Dataset records:
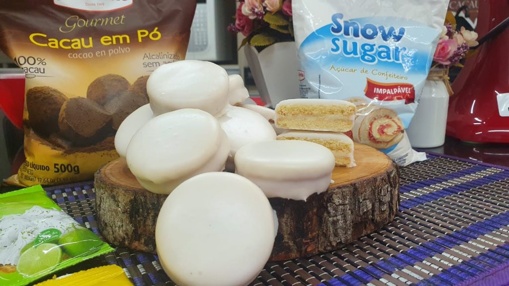 Cobertura: Em uma panela, coloque as claras, o açúcar refinado e leve ao fogo até atingir 65 °C. Em seguida, bata na batedeira até montar. Por último, acrescente o Aroma de Baunilha Branca, misture e deixe descansar por 1 hora. Após o descanso, mexa até ficar líquido, banhe o Alfajor e deixe secar por 24 horas.
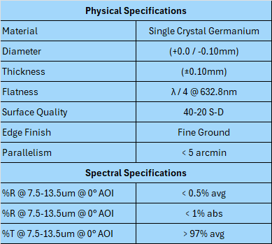 Our germanium windows feature high transmittance across 7.5-13.5um @ 0° AOI. The robust coating design will resist the elements and pass standard MIL-Spec abrasion, adhesion, and humidity tests.
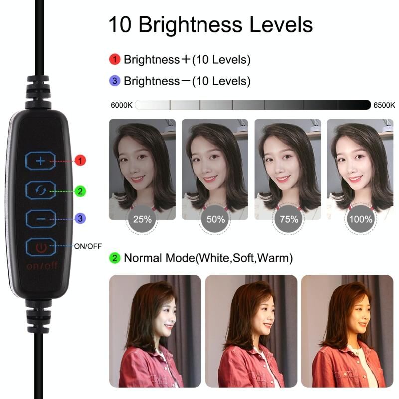 4. 3 colors lighting mode adjustable brightness for your choose,you can adjust the color and brightness very easily, good brightness can be achieved without installing extra colorful filters. Three colors of soft natural light illuminate your beauty in different occasions.
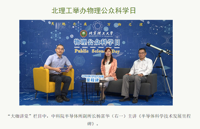 据介绍,此次公众科学日携手中国科学院物理研究所、半导体所,面向学生及广大物理爱好者,开设6个栏目:大咖讲堂、每周一哥、物理生活分享、趣味物理实验、爱生活爱物理、物理+。5月28日当天,主办方还发布了主题曲《飘向物理》。
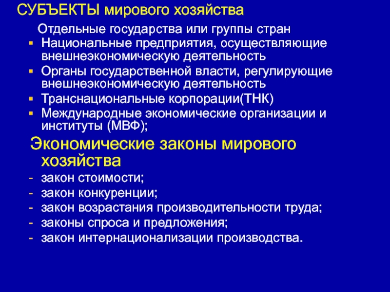 Слайд 6СУБЪЕКТЫ мирового хозяйства
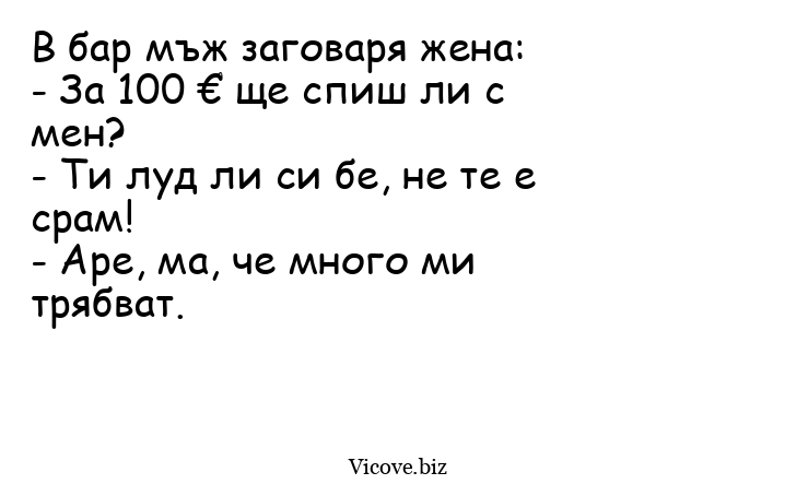 Красива жена стои сама на бара и при нея идва нахален младеж и я заговара:
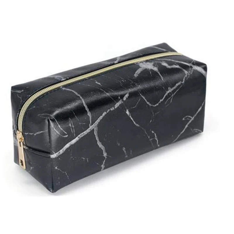 Чехол для карандашей для девочек, на молнии, с мраморным узором, школьные принадлежности, из искусственной кожи
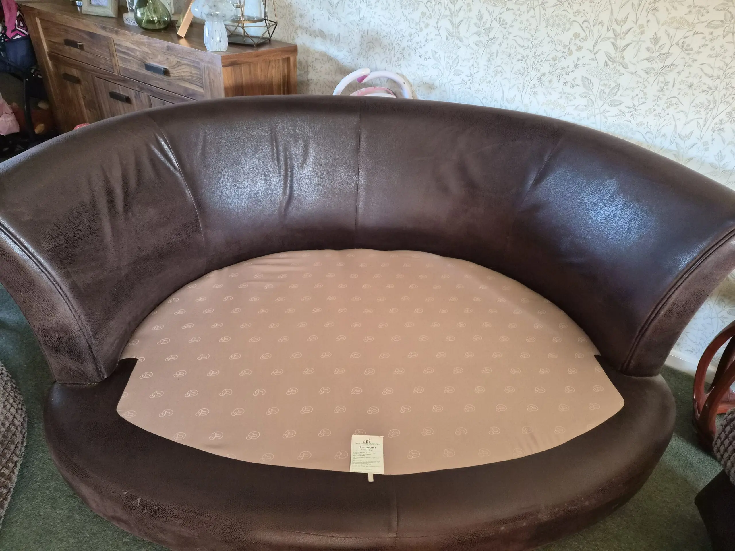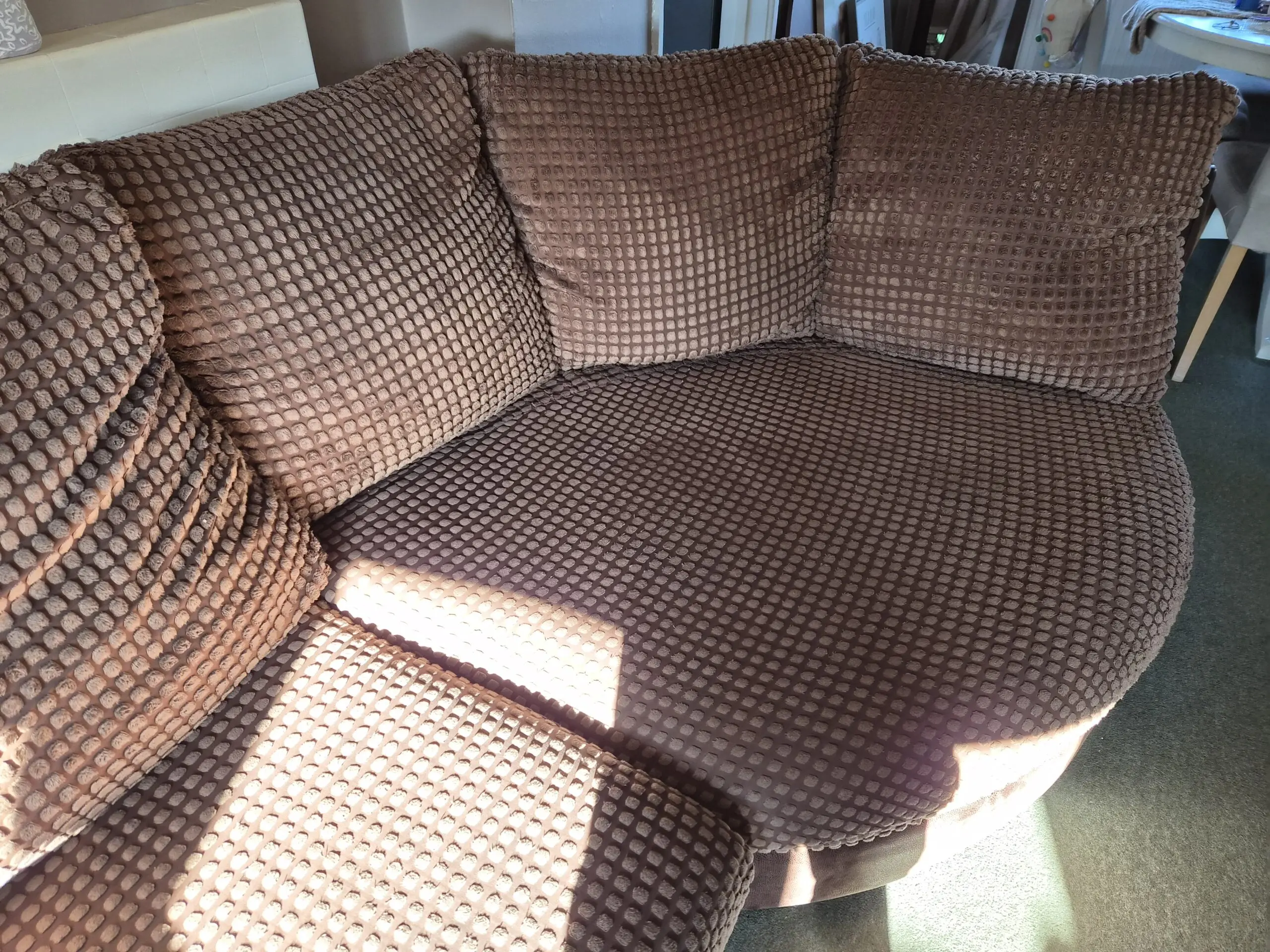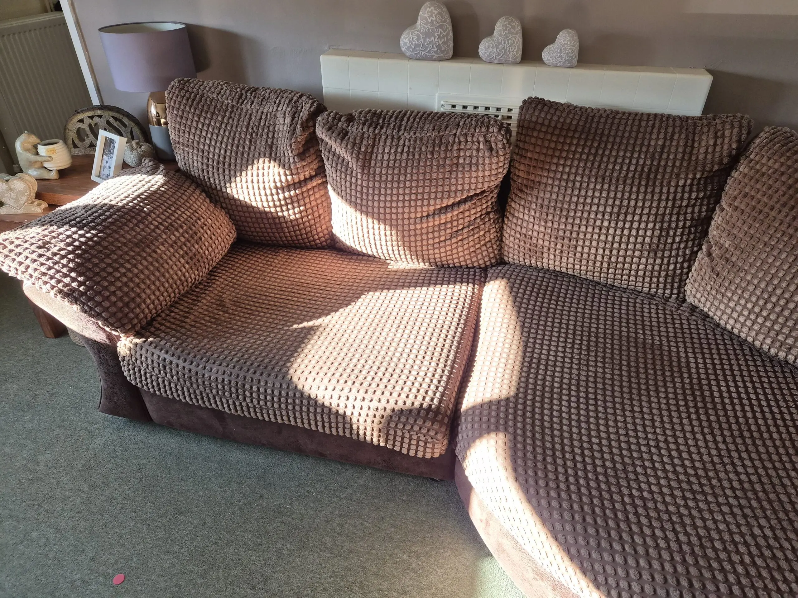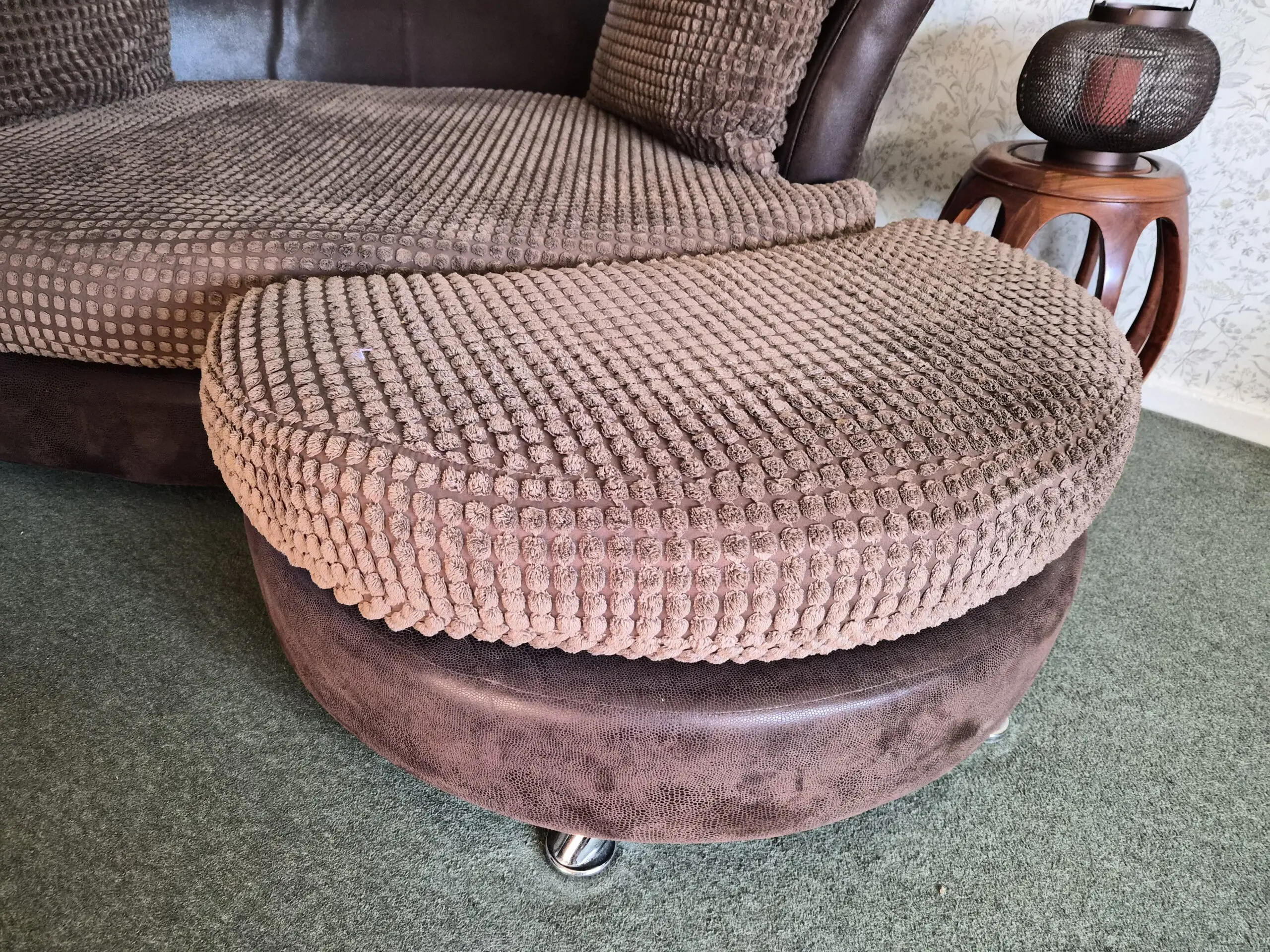 Main sofa splits in two. Sep chair and footstool. Sofas includes coshoins.

Brief:
In the records above, locate the line containing "据介绍,此次公众科学日携手中", then copy exactly that line and every line after it through the end, omitting pictures.

Solution to this problem:
 据介绍,此次公众科学日携手中国科学院物理研究所、半导体所,面向学生及广大物理爱好者,开设6个栏目:大咖讲堂、每周一哥、物理生活分享、趣味物理实验、爱生活爱物理、物理+。5月28日当天,主办方还发布了主题曲《飘向物理》。
 Слайд 6СУБЪЕКТЫ мирового хозяйства
 Красива жена стои сама на бара и при нея идва нахален младеж и я заговара:
 Чехол для карандашей для девочек, на молнии, с мраморным узором, школьные принадлежности, из искусственной кожи
 Main sofa splits in two. Sep chair and footstool. Sofas includes coshoins.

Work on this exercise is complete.